The Adviser has provided investment management services in 
connection with other mutual funds employing the master 
fund/feeder fund structure since 1991.

Growth Stock Portfolio is a separate series of SR&F Base Trust 
("Base Trust"), a Massachusetts common law trust organized under 
an Agreement and Declaration of Trust ("Declaration of Trust") 
dated August 23, 1993.  The Declaration of Trust of Base Trust 
provides that Growth Stock Fund and other investors in Growth 
Stock Portfolio will be liable for all obligations of Growth Stock 
Portfolio that are not satisfied by Growth Stock Portfolio.  
However, the risk of Growth Stock Fund incurring financial loss on 
account of such liability is limited to circumstances in which 
liability was inadequately insured and Growth Stock Portfolio was 
unable to meet its obligations.  Accordingly, the Trustees of 
Investment Trust believe that neither Growth Stock Fund nor its 
shareholders will be adversely affected by reason of Growth Stock 
Fund's investing in Growth Stock Portfolio.  

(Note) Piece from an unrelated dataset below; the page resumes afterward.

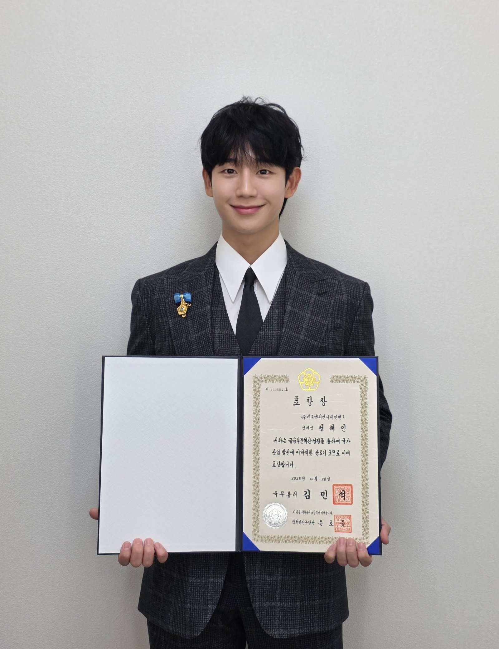 배우 정해인이 ‘금융의 날’ 기념식에서 국무총리표창을 받았다.

The Declaration of Trust of Base Trust provides that Growth Stock 
Portfolio will terminate 120 days after the withdrawal of Growth 
Stock Fund or any other investor in Growth Stock Portfolio, unless 
the remaining investors vote to agree to continue the business of 
Growth Stock Portfolio.  The Trustees of Investment Trust may vote 
Growth Stock Fund's interests in Growth Stock Portfolio for such 
continuation without approval of Growth Stock Fund's shareholders.

The common investment objective of Growth Stock Fund and Growth 
Stock Portfolio is non-fundamental and may be changed without 
shareholder approval, subject, however, to at least 30 days' 
advance written notice to Growth Stock Fund's shareholders.

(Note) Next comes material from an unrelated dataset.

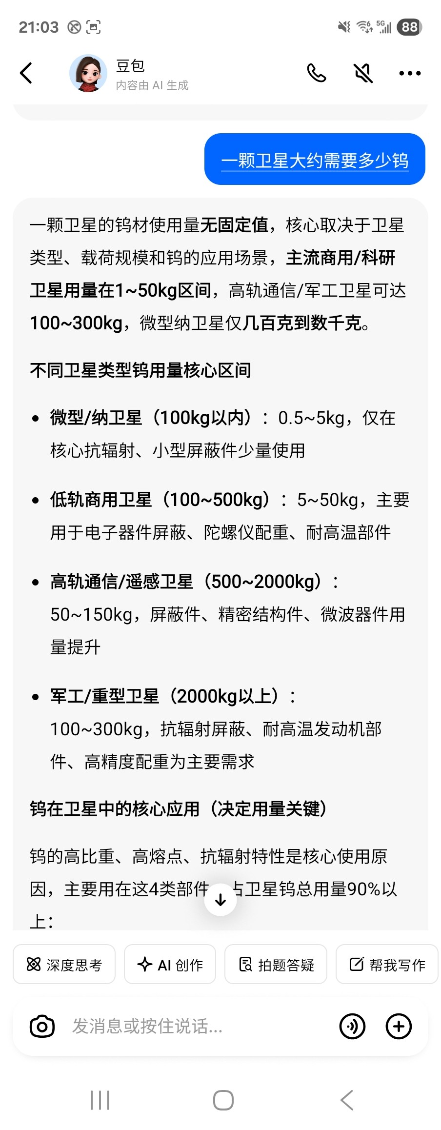 马斯克申请未来发射100万颗卫星,卫星与火箭用钨核心在高温部件(喷嘴、耐高温结构件),按最低用量标准算:单颗卫星最低用钨约15kg,单枚运载火箭最低用钨约50kg;100万颗卫星+100万枚火箭,总最低用钨量=65000吨。 注:此为极端下限值!!

The fundamental policies of Growth Stock Fund and the 
corresponding fundamental policies of Growth Stock Portfolio can 
be changed only with shareholder approval.  If Growth Stock Fund, 
as a Portfolio investor, is requested to vote on a change in a 
fundamental policy of Growth Stock Portfolio or any other matter 
pertaining to Growth Stock Portfolio (other than continuation of 
the business of Growth Stock Portfolio after withdrawal of another 
investor), Growth Stock Fund will solicit proxies from its 
shareholders and vote its interest in Growth Stock Portfolio for 
and against such matters proportionately to the instructions to 
vote for and against such matters received from Fund shareholders.  
Growth Stock Fund will vote shares for which it receives no voting 
instructions in the same proportion as the shares for which it 
receives voting instructions.  If there are other investors in 
Growth Stock Portfolio, there can be no assurance that any matter 
receiving a majority of votes cast by Fund shareholders will 
receive a majority of votes cast by all investors.  If other 
investors hold a majority interest in Growth Stock Portfolio, they 
could have voting control over Growth Stock Portfolio.  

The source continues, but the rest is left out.